The task
Without the pictures, retype each line below exactly as it stands.

Extracted data entries
[Start of section]
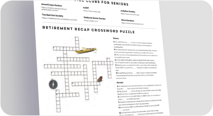DISCOVERING NEW LAND NATIONAL SOCIAL CLUBS FOR SENIORS AmeriCorps Seniors AARP Audubon Society https://americorps.gov/serve/ https://www.aarp.org/ https://www.audubon.org/ americorps-seniors The Red Hat Society National Senior Games Silver Sneakers https://redhatsociety.montonton.com/site https://nsga.com/ https://tools.silversneakers.com/ RETIREMENT RECAP CROSSWORD PUZZLE Down: 1) The IAM National _____ Fund is a multi-employer defined contribution plan funded by both employer and employee contributions. 3) Another term for hackers who use targeted tactics like romance scams and phishing emails to steal your private information. 5) This country is a top international retirement location and home to a well-known canal. 6) A specialty medication copay program that helps reduce - out-of-pocket costs for specialty medications and treatments. 8) Keeping your account information up to date with the Benefit Funds Office is a part of a _____ readiness routine maintenance plan. 11) A qualifying surviving _____ may receive a reduced monthly retirement benefit for the remainder of his or her life after you pass away. Across: 2) An employee may elect to have his or her contributions deducted from the _____ they receive from their employer. 4) The goal of _____ care is to help you stay healthy and reduce the likelihood of an unexpected health emergency. 6) Contributions to the IAM National 401(k) Fund can be made on both a _____ and after-tax basis. 7) A person or persons you designate to receive a distribution from your retirement account when you pass away. 9) By the end of 2021, the IAM National 401(k) Fund had 30,905 _____ accounts. 10) The risk that a retiree will outlive their retirement savings. ension y 11) Spouse 12) Pvitonget 10) Larticipant 9) Pemenetir) Ry 8) Beneficiar712) The IAM National _____ Fund is one of the largest multiemployer axt-e) Pr anama 6) Pe 5tivenve) Prcriminals 4check 3) Cyberay1) 401k 2) P :sreswnAdefined benefit plans in the country! 16 JOURNEY TO RETIREMENT OCTOBER 2022
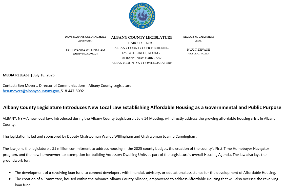 NOTICE: Albany County Legislature Introduces New Local Law Establishing Affordable Housing as a Governmental and Public Purpose
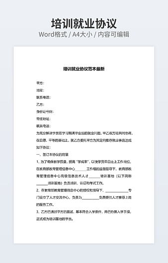 本作品内容为电脑培训协议书范本下载,大小为18.14KB,作品为高清大图模板,格式为docx, 属于培训协议模板,作品模板源文件下载后可用编辑替换,模板中如有人物画像仅供参考禁止商用。小Q办公网-提供简历,PPT,Word,Excel优质模板素材下载模版平台,拥有海量的工作总结、竞聘求职、年终颁奖、计划书等。 通过小Q办公网下载培训协议模板源文件编辑修改源文件文字和图片即可使用。
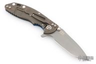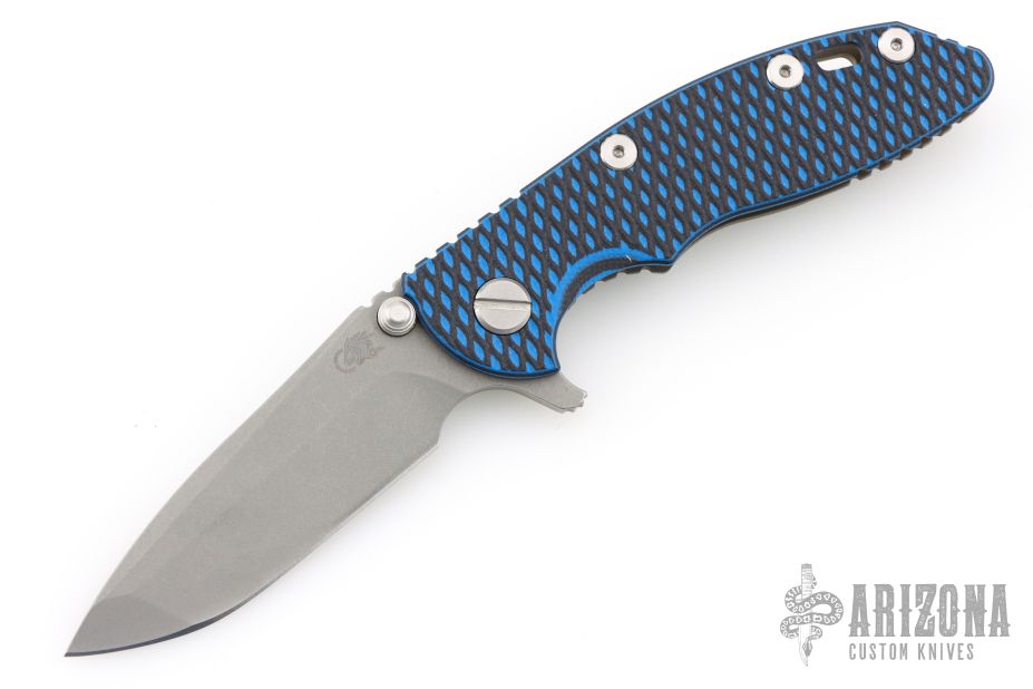 This XM-18 Flipper by Rick Hinderer Knives features bead blast finished blade, notched thumbrest and flipper, dual thumbstuds. The handle has a black/blue G-10 scale, and a battle bronze titanium handle and satin finished hardware, and titanium clip. Clip can be mounted for tip up or down carry. Nice lockup, seating, and detent. Comes with original box and extra washers. The listing also includes a black G1- MEFP scale. Excellent condition.
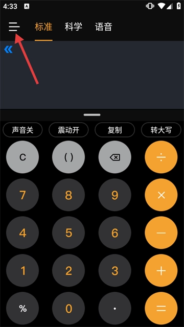 1、在计算器标准页面,点左上角菜单图标,展开功能菜单。
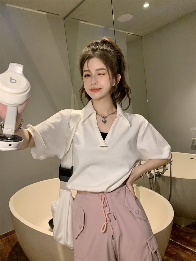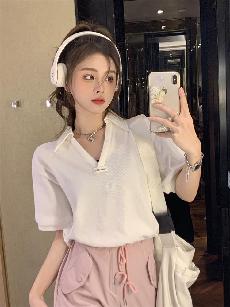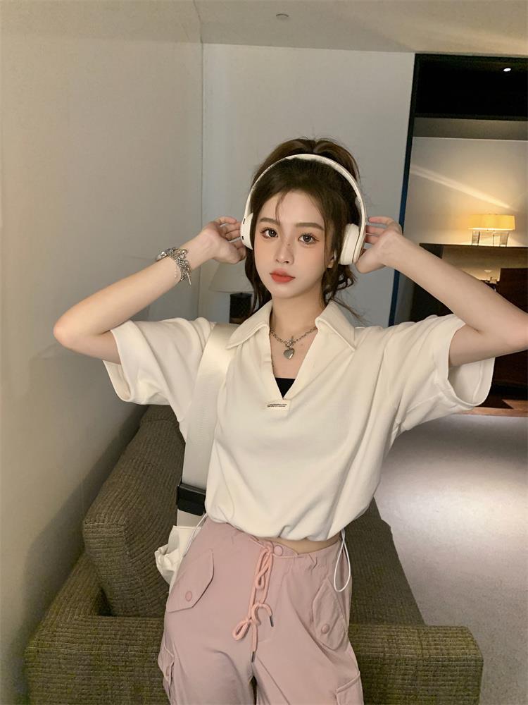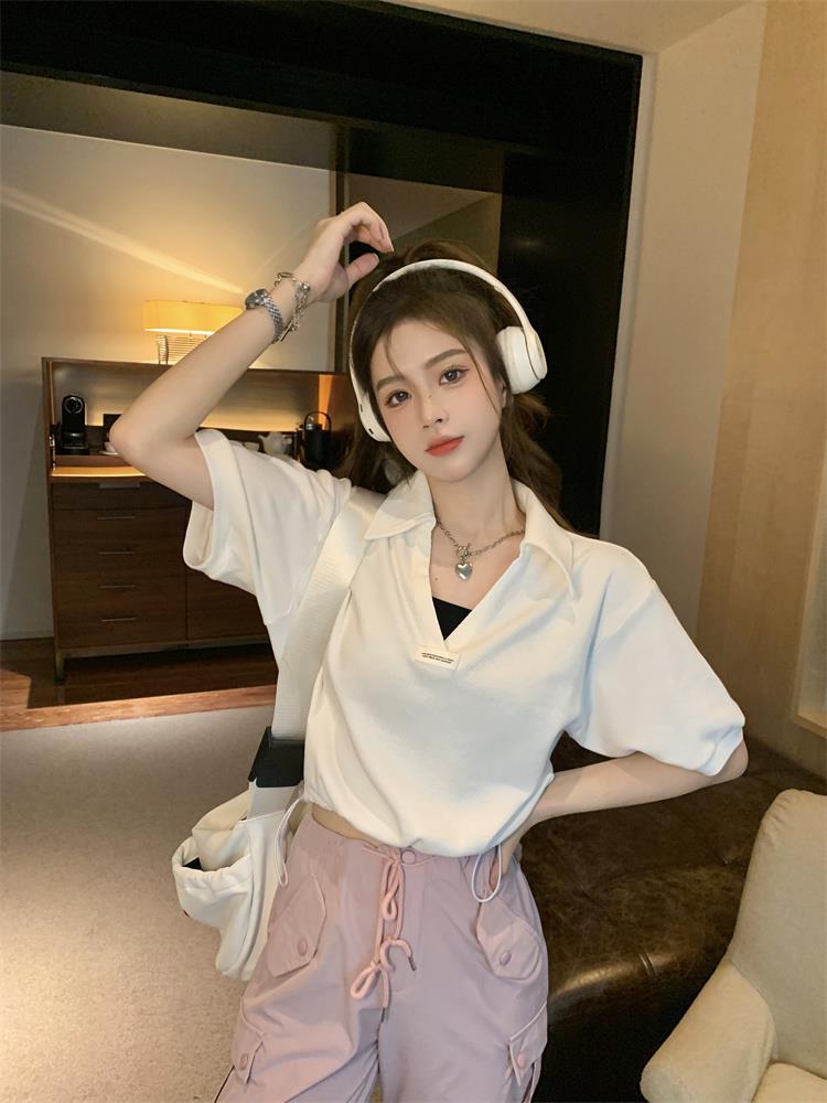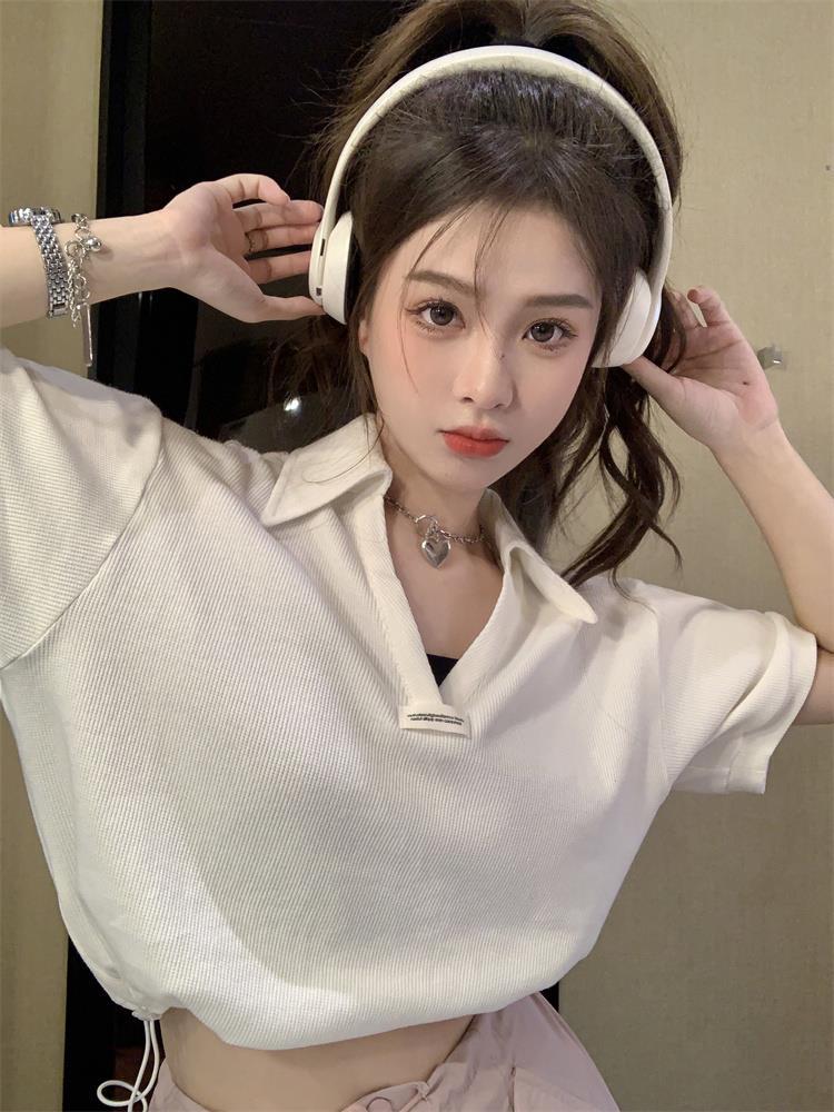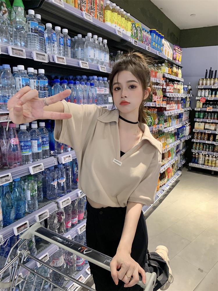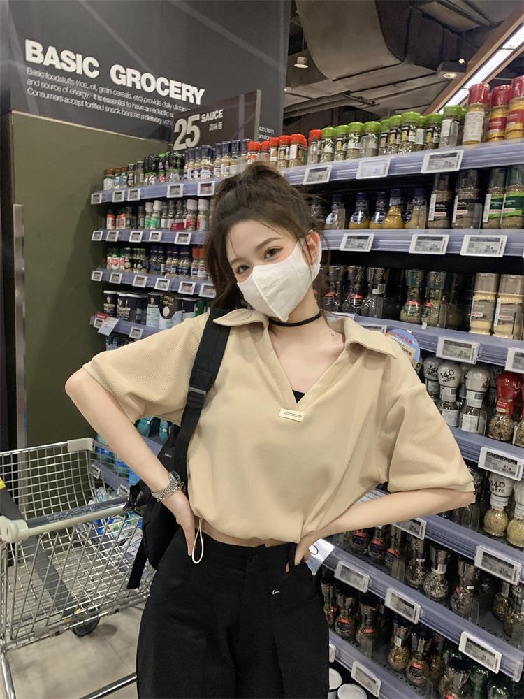 Cuello en V Solapa Manga Corta Mujer Coreano Verano Nuevo Diseño Estudiante Nicho Corto Cuello Polo Estación Europea Top
[End of section]
Solved problem
DISCOVERING NEW LAND NATIONAL SOCIAL CLUBS FOR SENIORS AmeriCorps Seniors AARP Audubon Society https://americorps.gov/serve/ https://www.aarp.org/ https://www.audubon.org/ americorps-seniors The Red Hat Society National Senior Games Silver Sneakers https://redhatsociety.montonton.com/site https://nsga.com/ https://tools.silversneakers.com/ RETIREMENT RECAP CROSSWORD PUZZLE Down: 1) The IAM National _____ Fund is a multi-employer defined contribution plan funded by both employer and employee contributions. 3) Another term for hackers who use targeted tactics like romance scams and phishing emails to steal your private information. 5) This country is a top international retirement location and home to a well-known canal. 6) A specialty medication copay program that helps reduce - out-of-pocket costs for specialty medications and treatments. 8) Keeping your account information up to date with the Benefit Funds Office is a part of a _____ readiness routine maintenance plan. 11) A qualifying surviving _____ may receive a reduced monthly retirement benefit for the remainder of his or her life after you pass away. Across: 2) An employee may elect to have his or her contributions deducted from the _____ they receive from their employer. 4) The goal of _____ care is to help you stay healthy and reduce the likelihood of an unexpected health emergency. 6) Contributions to the IAM National 401(k) Fund can be made on both a _____ and after-tax basis. 7) A person or persons you designate to receive a distribution from your retirement account when you pass away. 9) By the end of 2021, the IAM National 401(k) Fund had 30,905 _____ accounts. 10) The risk that a retiree will outlive their retirement savings. ension y 11) Spouse 12) Pvitonget 10) Larticipant 9) Pemenetir) Ry 8) Beneficiar712) The IAM National _____ Fund is one of the largest multiemployer axt-e) Pr anama 6) Pe 5tivenve) Prcriminals 4check 3) Cyberay1) 401k 2) P :sreswnAdefined benefit plans in the country! 16 JOURNEY TO RETIREMENT OCTOBER 2022
 NOTICE: Albany County Legislature Introduces New Local Law Establishing Affordable Housing as a Governmental and Public Purpose
 本作品内容为电脑培训协议书范本下载,大小为18.14KB,作品为高清大图模板,格式为docx, 属于培训协议模板,作品模板源文件下载后可用编辑替换,模板中如有人物画像仅供参考禁止商用。小Q办公网-提供简历,PPT,Word,Excel优质模板素材下载模版平台,拥有海量的工作总结、竞聘求职、年终颁奖、计划书等。 通过小Q办公网下载培训协议模板源文件编辑修改源文件文字和图片即可使用。
 This XM-18 Flipper by Rick Hinderer Knives features bead blast finished blade, notched thumbrest and flipper, dual thumbstuds. The handle has a black/blue G-10 scale, and a battle bronze titanium handle and satin finished hardware, and titanium clip. Clip can be mounted for tip up or down carry. Nice lockup, seating, and detent. Comes with original box and extra washers. The listing also includes a black G1- MEFP scale. Excellent condition.
 1、在计算器标准页面,点左上角菜单图标,展开功能菜单。
 Cuello en V Solapa Manga Corta Mujer Coreano Verano Nuevo Diseño Estudiante Nicho Corto Cuello Polo Estación Europea Top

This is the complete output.